CARACAS, Sept 19 (Reuters) - Venezuelan state oil company PDVSA’s bonds fell on Monday, in what could signal initial market disappointment over the borrower’s $7.1 billion debt swap offer.
Under the exchange proposal unveiled on Friday evening, the new 2020 bond carries a 8.5 percent coupon and would replace bonds maturing in November 2017 and April 2017 .
An incentive for investors is that the new bond’s coupon is higher than the April 2107 bond’s 5.25 percent coupon though equal to that of the November 2017 paper.
Another is that PDVSA would use shares of its U.S. refiner CITGO unit as a collateral guarantee.

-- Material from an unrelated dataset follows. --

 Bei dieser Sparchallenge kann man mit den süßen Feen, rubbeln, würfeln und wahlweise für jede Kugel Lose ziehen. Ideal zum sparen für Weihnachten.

Nomura analyst Siobhan Morden said the uncertainty of how the collateral would be valued partly account for the initial disappointment in the bond market over the swap proposal.

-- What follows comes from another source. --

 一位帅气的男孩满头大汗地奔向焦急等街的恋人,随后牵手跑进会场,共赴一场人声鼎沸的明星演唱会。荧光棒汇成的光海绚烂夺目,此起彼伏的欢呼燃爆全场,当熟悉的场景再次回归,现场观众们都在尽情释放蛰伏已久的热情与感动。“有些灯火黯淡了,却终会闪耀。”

On Monday, the November 2017 debt bond fell 2.45 points, or 2.9 percent, to a bid price of 78.35, while the April 2017 bond was off 2.1 points or 2.7 percent, to 71.5.
Other PDVSA bonds were all down, with the benchmark 2022 bond off 1.615 points or 2.5 percent, to a price of 57.19, according to Thomson Reuters data.
PDVSA president Eulogio Del Pino said at the weekend the offer had “very attractive” returns, but the company would honor all 2017 bonds if the swap was not taken up.
After long fretting about possible default, investors in recent months have grown more optimistic the OPEC member country will meet debt payments despite an economic crisis that has spawned triple-digit inflation and chronic product shortages.